Contactless technology has exponentially grown in popularity since the onset of the pandemic. Starting from digital payments to biometric check-in for travel, the face of customer transactions has evolved and how. Digital payment is expected to grow at a CAGR of ~12% between 2021 to 2025 to reach around $10.5 trillion.
Almost 90% of the US shoppers seem to prefer touchless checkout features even when they’re shopping in brick-and-mortar stores.
Businesses that are providing seamless connectivity between warehouse, stores, and online service are expected to gain significant competitive advantage over their peers.

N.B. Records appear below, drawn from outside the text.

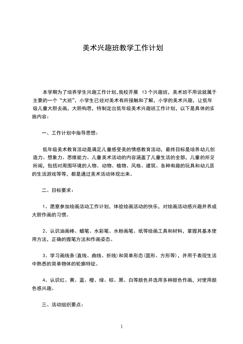 日子如同白驹过隙,不经意间,老师们的教学工作又将有新的目标,做好教学计划,让自己成为更有竞争力的人吧。美术兴趣班教学计划1本学期为了培养学生兴趣工作计划,我校开展13个兴趣班,美术班不用说就属于主要的一个大班,小学生已经对美术有所接触和了解,小学的美术兴趣,让低年级儿童大胆去画,大胆构思,特制定出低年级美术兴趣班工作计划,儿童美术活动的内容涵盖了儿童生活的全部,儿童的所见所闻,包括对周围环境的人物、动物、植物、风格、建筑、各种有趣的玩具和幼儿园的生活游戏等等,都是通过美术活动体现出来。
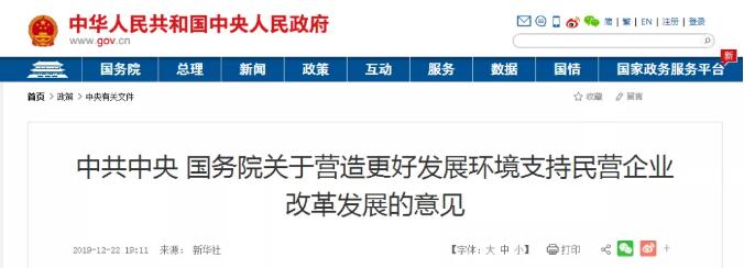12月22日,《中共中央、國務院關于營造更好發展環境支持民營企業改革發展的意見》正式發布。這是立足于民營企業改革發展的首個中央文件!
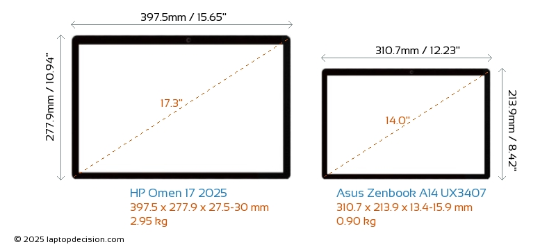 HDMIAmbos Omen 17 2025 y Zenbook A14 UX3407 cuentan con un puerto HDMI (1x HDMI 2.1) para conectar a monitores externos.
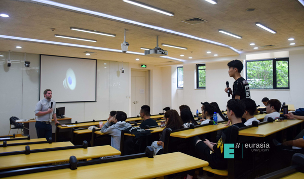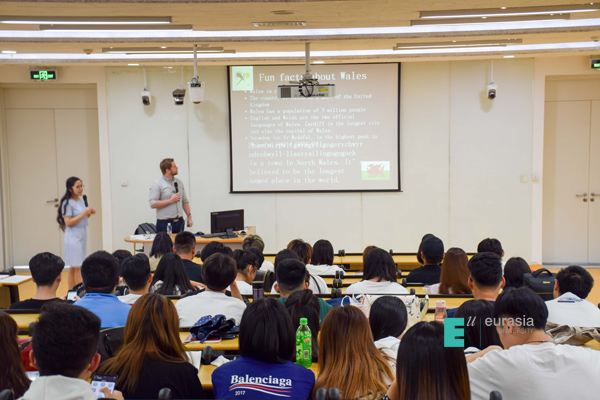 紧接着Owain Hedd Davies老师为同学们介绍,想要真正走进卡迪夫,来此学习就是最佳途径,卡迪夫城市大学是自由分布式校区,不同院系之间无有形分隔。该校授课过程多以小班形式进行。老师公布自主学习任务,学生自主完成任务,小组讨论陈述,老师引导评价是该校授课的主要形式。这与我校“以学生为中心”的教育理念具有相同基因。
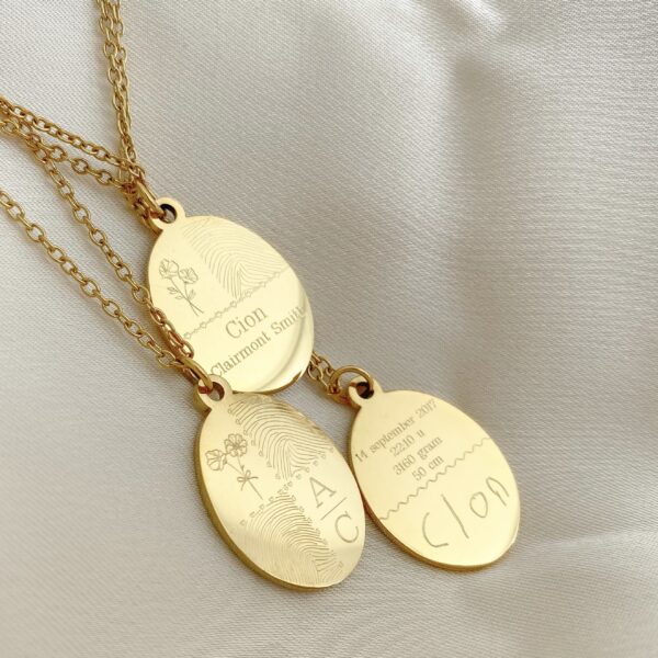 Wij graveren de vingerafdruk in het sieraad, waardoor deze voelbaar is en het sieraad extra bijzonder maakt. De bedels zijn hooggepolijst, waardoor de gravure een mooie schittering heeft. Laat een vingerafdruk graveren op een ketting, armband, oorbellen of ring.
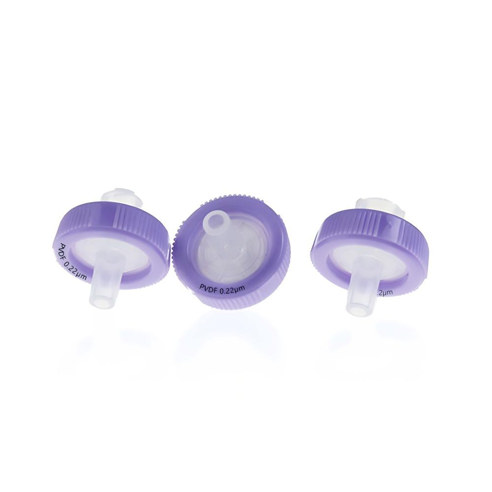 13 mm hydrophober PVDF-Spritzenfilter 0,22 µm mit farbigem Markierungsring und Aufdruck. 100 Stück/Packung, 20,00 Packungen/Karton.
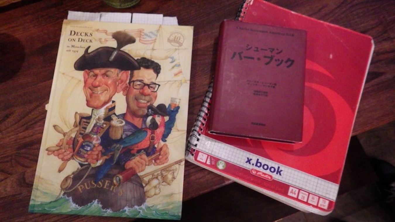 今回のジャパンツアーに持ってきたもの。左は昨年上梓された「パッサーズ ニューヨーク バー ブック」。
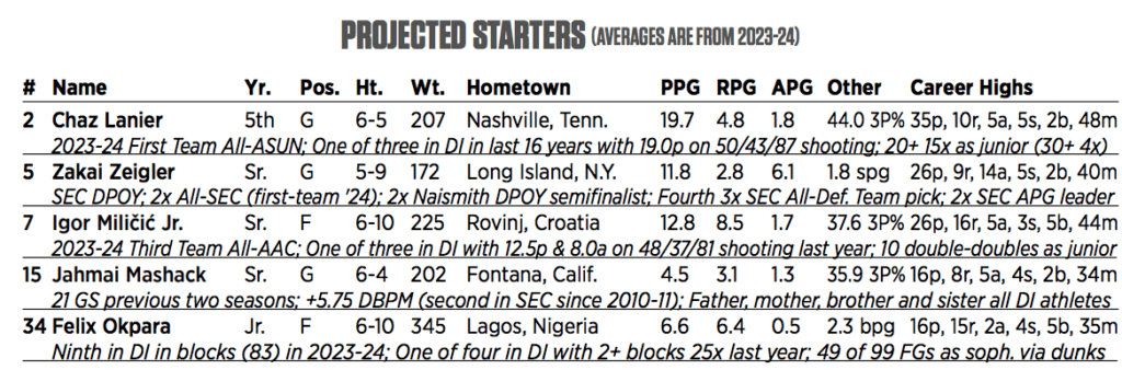 Assists: Zakai Zeigler — 8 APG, 7.5 TOPG, 33.5 MPG
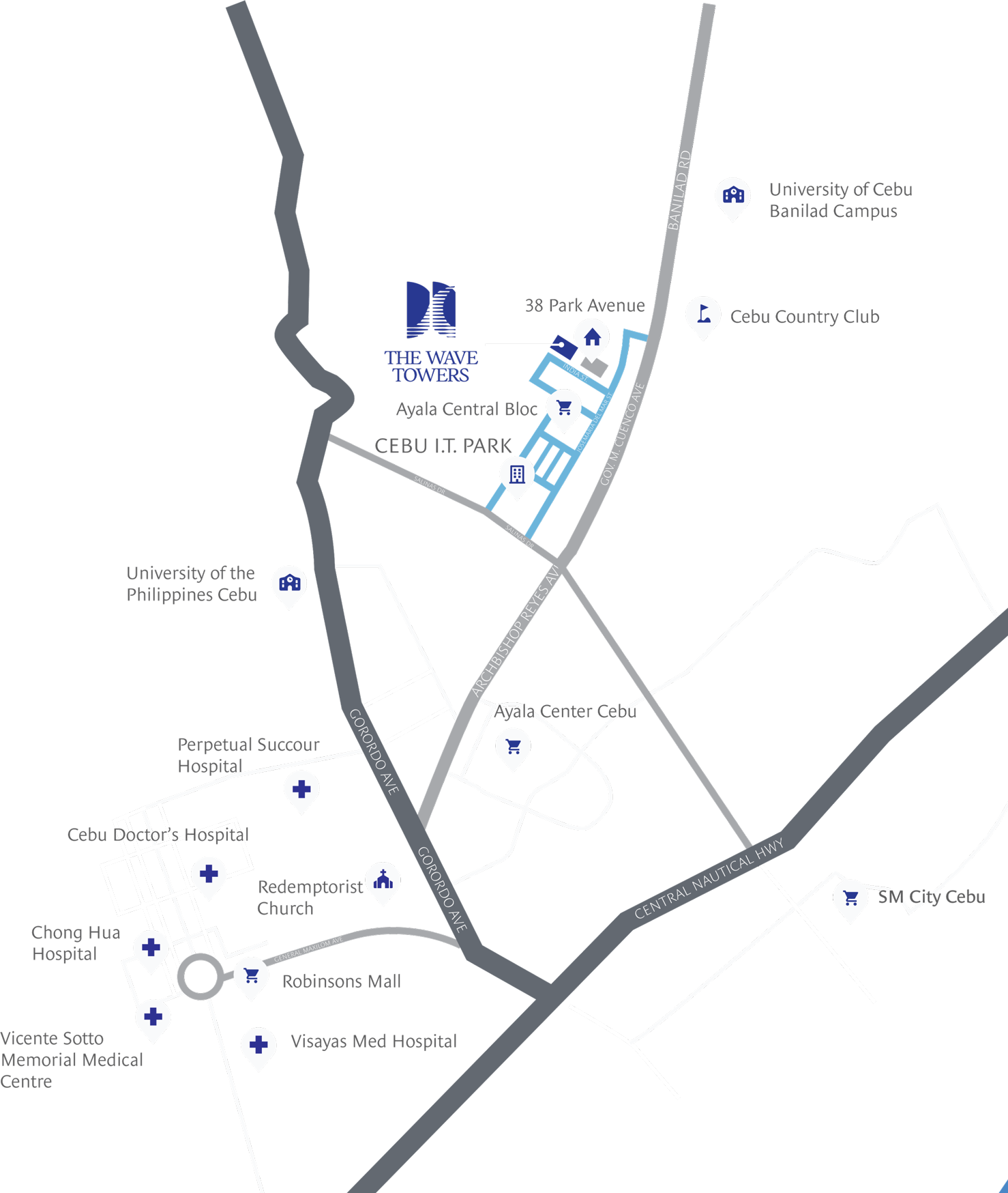 Located within Cebu I.T. Park, The Wave Towers presents a distinguished address for discerning individuals and families—where serenity is strength, and seamless access to the city’s top-tier offices, retail destinations, and premier urban conveniences defines everyday living.
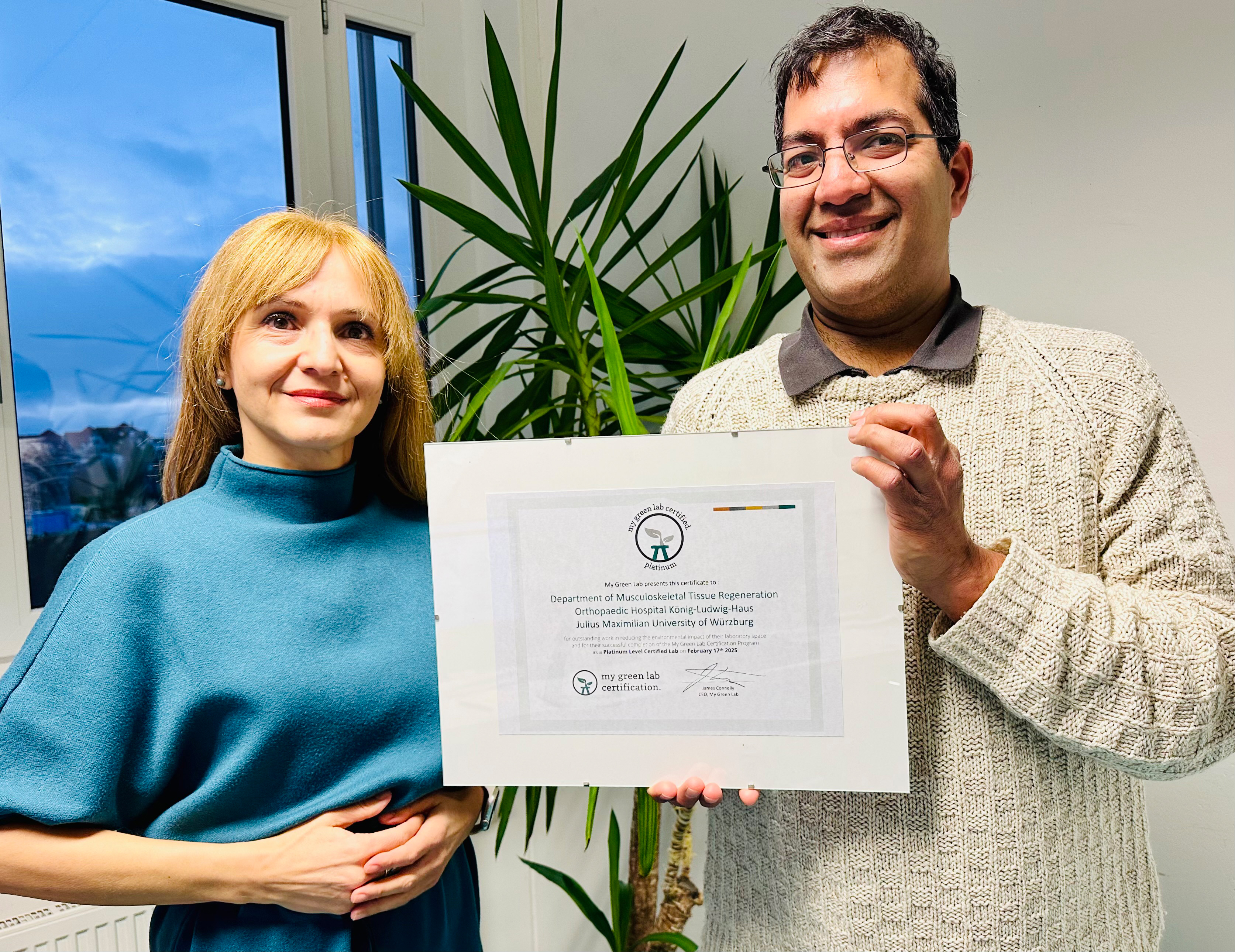 MyGreenLab-FotoEzgiDuman.jpg Professorin Denitsa Docheva und Green-Lab-Beauftragter Dr. Girish Pattappa sind stolz auf die Nachhaltigkeits-Zertifizierung für ihr Labor. (Foto: Ezgi Duman / Universität Würzburg) -

Headless commerce that allows a company’s front-end presentation platform to be decoupled from the back-end commerce functionality is growing popular with companies preferring to gain more flexibility in the backend. Headless commerce is a great solution for brands that are more experience focussed such as lifestyle brands.
Some other technologies gaining popularity within contactless shopping include facial recognition software, smarter AI, Big Data, IoT, more efficient communication networks, and augmented and virtual reality.
Customers increasingly prefer eco-friendly options and hence many companies are going paperless, using biodegradable packaging options, and utilizing recyclable materials for their products.
Since no-contact delivery is being preferred by customers, companies like Postmates, DoorDash, GrubHub etc are building on their no-contact options.
China’s delivery apps such as Meitun have been among the firsts to use autonomous vehicles to deliver groceries to customers. Robotic delivery is also being picked up by other geographies with US-based startups like Manna and Nuro using robotics and AI to build such options.